My heart flutters. I ask after the kittens. She tells me they each have a room at the palace. I’m happy for them. Now that I’ve met the Queen, forgiving Sierra for leaving me is easier.

I tell her about life with Jared. I mention my panic zone. “I hope you have something like it,” I say.

“After this I’ll think about it. But gym socks will be hard to find.”

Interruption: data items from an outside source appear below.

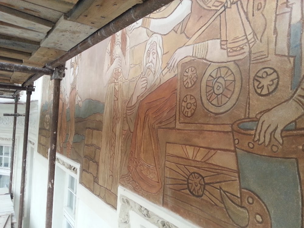 Předmět grantu: oprava uliční fasády domu - štuková výzdoba, restaurátorské práce uliční fasády domu - obrazová výzdoba (2 ks) a plastika opice (1 ks)
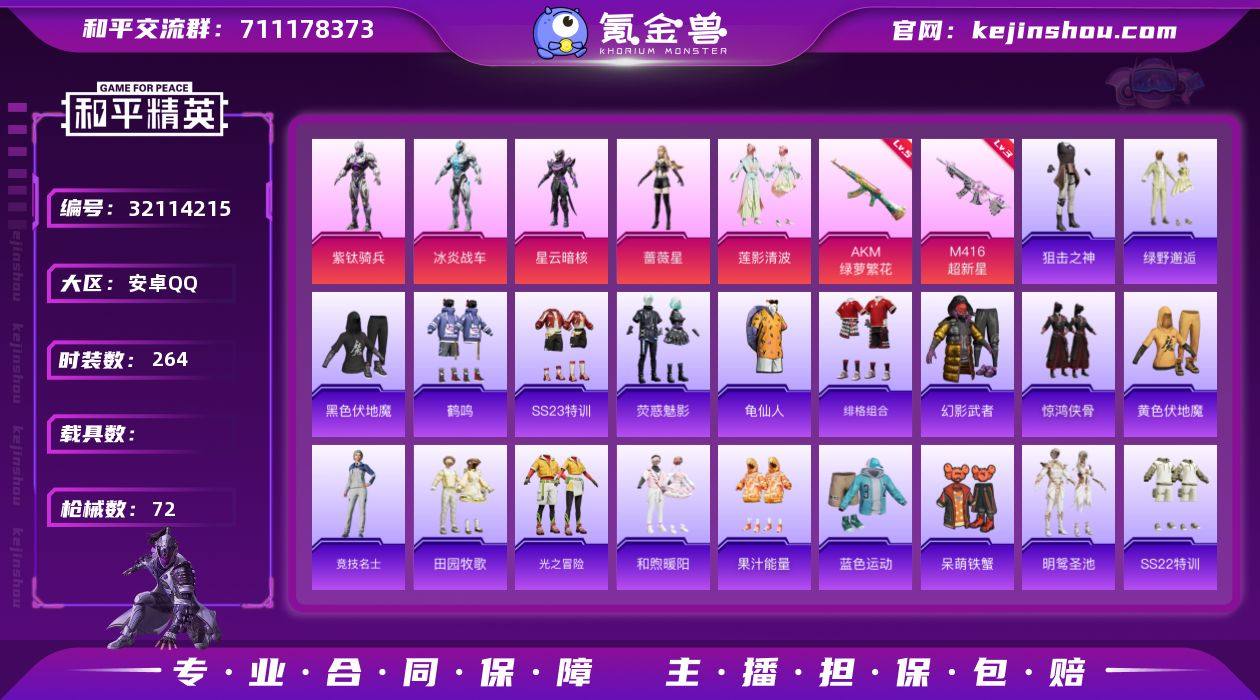 实名:可二次实名 是否支持人脸包赔:不支持 粉装数量:5 特效枪数量:2 时装数:264 枪械数:72 冰炎战车,莲影清波,蔷薇星,星云暗核,紫钛骑兵 五级AKM-绿萝繁花,三级M416-超新星 狙击之神,绿野邂逅,冰冻风暴,滨海厨神,白兰地假日,春光漫游,晨曦薄雾,彩霞狙击,呆萌铁蟹,风暴特警,绯格组合,飞行日记,龟仙人,光之冒险,幻彩翩翩,鹤鸣,黑色伏地魔,黄色伏地魔,和煦暖阳,幻影武者,惊鸿侠骨,竞技名士,锦衣飞扬,空岛之星,快闪甜心,龙的传人,蓝色运动,龙腾端午,妙红点点,梦幻奶油,萌黄之夏,魅力单车,果汁能量,懵萌河马,明鸳圣池,霓虹街区,柠萌假日,轻风白浪,青涩时光,清新柠檬,神气柴柴,SS21特训,SS22特训,SS23特训,SS24特训,SS25特训,SS26特训,涂山之恋,特训学院,田园牧歌,完美偶像,星谷精灵,星际旅行,血色贵族,雪山征服者,荧惑魅影,野性战心,鹰眼刺客,耀眼新星,战地督导,忠真马岱 彩装战姬降落伞,古战神甲降落伞,莲影清波降落伞,熔岩统帅降落伞,甜心宝贝降落伞,万古烈焰降落伞,音爆索尼克降落伞,仲夏莫吉托降落伞 卖家说:QQ永久社交游戏无任何影响
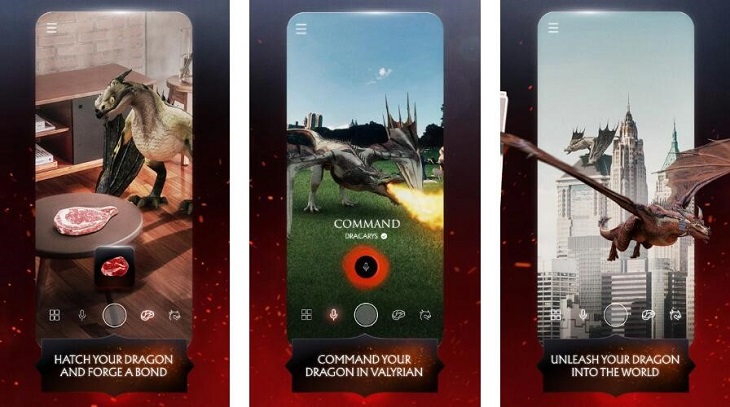 基于「龍之家族:龍焰」,玩家將能指揮維斯特洛最兇猛的巨獸,通過手機(jī)攝像頭,玩家可以將虛擬龍投射至現(xiàn)實世界,并使用一系列語音命令控制龍的動作,這里,玩家將需要學(xué)習(xí)一些瓦雷利安關(guān)鍵詞匯,這是坦格利安家族使用的語言。
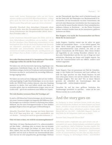 wissen wollt, warum Rasensprenger nicht nur den Garten w%u00e4ssern, sondern auch die (Geld-)B%u00f6rse fluten k%u00f6nnen %u2013 schlagt gerne nach. F%u00fcr mich ein erster Beweis, dass man hier des %u00d6fteren andere Wege geht oder gegen den Strom schwimmt.Aktueller Einschub: Zum damaligen Zeitpunkt ahnte ich noch nicht, dass das Paradebeispiel des Gegen-denStrom-Schwimmers der Hauptdarsteller dieser Story %u2013 Part II werden sollte ;-)Lachse schwimmen bekanntlich gegen den Strom, weil sie zu ihren Geburtsfl%u00fcssen zur%u00fcckkehren, um zu laichen ... sprich ihre Eier abzulegen. Diese Wanderung stromaufw%u00e4rts ist eine beschwerliche Reise, bei der die Fische Hunderte oder Tausendevon Kilometern zur%u00fccklegen und dabei Hindernisse wie Wasserf%u00e4lle und Stromschnellen %u00fcberwinden m%u00fcssen. Sie orientieren sich dabei an ihrem Geruchs- und Magnetsinn, um den richtigen Fluss zu finden, in dem sie selbst aufgewachsen sind.Wer sollte Oberbanscheidt & Cie. kontaktieren? F%u00fcr welche Zielgruppe stellen Sie und Ihr Team sich auf? Wir haben eine sehr facettenreiche Spreizung. Angefangen vom sogenannten Enkelkinder-Depot, das die Gro%u00dfeltern f%u00fcr ihre Nachfahren anlegen, bis hin zu Privatleuten und institutionellen Investoren aus dem In- und Ausland, die zweistellige Millionenbetr%u00e4ge angelegt haben. Wir haben uns nicht auf eine Zielgruppe oder auf eine Gr%u00f6%u00dfenordnung festgelegt. Es gibt Branchenkollegen, wo sie mit einem Koffer mit 700.000 Euro schellen k%u00f6nnten, ohne den Empfang passieren zu d%u00fcrfen. Nett und h%u00f6flich w%u00fcrde man ihnen zu verstehen geben, dass sie wiederkommen m%u00f6gen, wenn sie ein Gro%u00dfer sind %u2013 sprich mit mindestens einer Million im Gep%u00e4ck. Wie viele Kunden vertrauen Ihnen ihr Verm%u00f6gen an? Es sind ca. 600 Menschen/Unternehmungen, die wir betreuen %u2026 mit einem Gesamtverm%u00f6gen von insgesamt 460 Millionen Euro. Wir bewegen uns in kleinen Schritten in Richtung einer halben Milliarde, was f%u00fcr einen Verm%u00f6gensverwalter in einer l%u00e4ndlich gepr%u00e4gten Region schon eine ganz gute Gr%u00f6%u00dfenordnung ist. Aktueller Einschub: Diese Aussage war beim Interview Part II 127 Tage jung bzw. alt %u2026 nicht unerheblich, wie wir finden %u2026 worauf wir noch zu sprechen kommen ;-)Olaf, wie kam es dazu, wie seid ihr zusammengekommen?Olaf D%u00e4cke: Ich hatte Oberbanscheidt & Cie. selbstverst%u00e4ndlich auf dem Radar %u2013 allerdings ohne zu wissen, dass wir beinahe Nachbarn sind. Vor einiger Zeit bekam ich einen Anruf von Marc Gabriel, hier aus dem Unternehmen. Der war auf mich gesto%u00dfen, weil wir auch im Bereich von Investmentfonds aktiv sind. Das war ein sehr sympathisches, geschmeidiges Telefonat mit der %u00dcbereinkunft, dass Marc mich in Bocholt besucht, um mir die Fonds inkl. der Philosophie von Oberbanscheidt & Cie. vorzustellen. Ich war beeindruckt von dem Unternehmen, das sich nicht dem Mainstream verschrieben hat. Das ist genau das, was ich mir f%u00fcr unsere Kunden w%u00fcnsche: Einen sympathischen, nahbaren Anbieter in Reichweite %u2013 wo das Thema Vertrauen leichter vermittelt werden kann als bei anonymeren, gr%u00f6%u00dferen Anbietern am Markt.Herr Koppers, was macht die Zusammenarbeit mit Herrn D%u00e4cke f%u00fcr Sie interessant?Andre Koppers: Zun%u00e4chst einmal war da sofort ein gutesGef%u00fchl auf pers%u00f6nlicher Ebene %u2013 es hat einfach gepasst. Wir haben Herrn D%u00e4cke ganz bewusst angesprochen, weil wir den unternehmerischen Geist sch%u00e4tzen, mit dem er sein eigenes Unternehmen, die EVB Finance, f%u00fchrt. Dieses Denken auf Augenh%u00f6he ist uns wichtig. Besonders sch%u00e4tzen wir an ihm seine Verbindlichkeit und die Art, wie er Dinge mit einer erfreulichen Mischung aus Tempo und Sorgfalt anpackt. Das macht die Zusammenarbeit nicht nur effektiv, sondern auch wirklich angenehm.Was muss noch raus? Andre Koppers: Dass wir gemeinsam mit Olaf die Schwellenangst in den K%u00f6pfen der Leserinnen und Leser aufl%u00f6sen. Am Ende des Tages sprechen wir %u00fcber People Business. Da will man schon gerne wissen, wer auf der anderen Seite mit dem Verm%u00f6gen jongliert. Wer sitzt dort? Wie ist dieser Mensch gestrickt, der schlie%u00dflich die Entscheidungen %u00fcber das Verm%u00f6gen trifft %u2026 welche Kn%u00f6pfe er dr%u00fcckt? Versuchen Sie mal bei einer gr%u00f6%u00dferen Institution den Fondsmanager pers%u00f6nlich zu sprechen %u2013 weiter als bis zum Pf%u00f6rtner werden Sie es nicht schaffen.And the story goes on Im Nachgang zu dieser Interview-Session ereilte uns dieses sehr wertsch%u00e4tzendes Feedback von Andre Koppers auf Social Media: %u201eIch habe im Laufe der Zeit schon das ein oder andereInterview gef%u00fchrt. Einen erfrischend anderen Ansatz w%u00e4hlt Roland Bu%u00df mit %u201eDer PAN %u2013 CoffeeTable Magazin\Olaf D%u00e4cke f%u00fcr die Gelegenheit, dabei sein zu d%u00fcrfen.Hammer-Fotos, Fotografin Kirsten Bu%u00df!%u201cErfrischend anders empfanden das auch Kirsten und ich %u2013 wenngleich sich unsere Denkschubladen vornehmlich auf den schon angef%u00fchrten %u201eWolf of Wallstreet%u201c beziehen durften. Der Film zeigt eine Welt, in der Gier, Spekulationen und moralisch fragw%u00fcrdige Entscheidungen dominieren. Fondsmanager werden im Zusammenhang mit dem Film wie folgt skizziert: extensive Neigung zu %u00fcberm%u00e4%u00dfigem Risiko | ausschlie%u00dflich Portrait I 77

When I mention the vet, she shudders.

“I’ve been there, too.” She leans back and points to a pale, pink line on her belly. “Do you have one of these?”

“Not exactly.”

It’s funny. Underneath the fish, she still smells nice... but for some reason, the old spark just isn’t there.

Sierra admits that Jared did give her to the Queen, but it was only because the Queen wanted me first. Jared wouldn’t let her have me.

I wouldn’t have lasted two seconds with satin sheets.

A two-leg in a blue uniform comes to replace the prisoners’ duct tape with metal bracelets. When the tape comes off, Furry Hands screams like a kitten. Knowing he kidnapped the Queen, I decide he deserves it.

Jared explains everything to the man in blue — following the Queen to the station, the knockout gas he’d sent by switching the air currents, the secret message he’d sent via Henry so she’d hide in the bedroom while he poisoned the kidnappers. He gives me no credit at all.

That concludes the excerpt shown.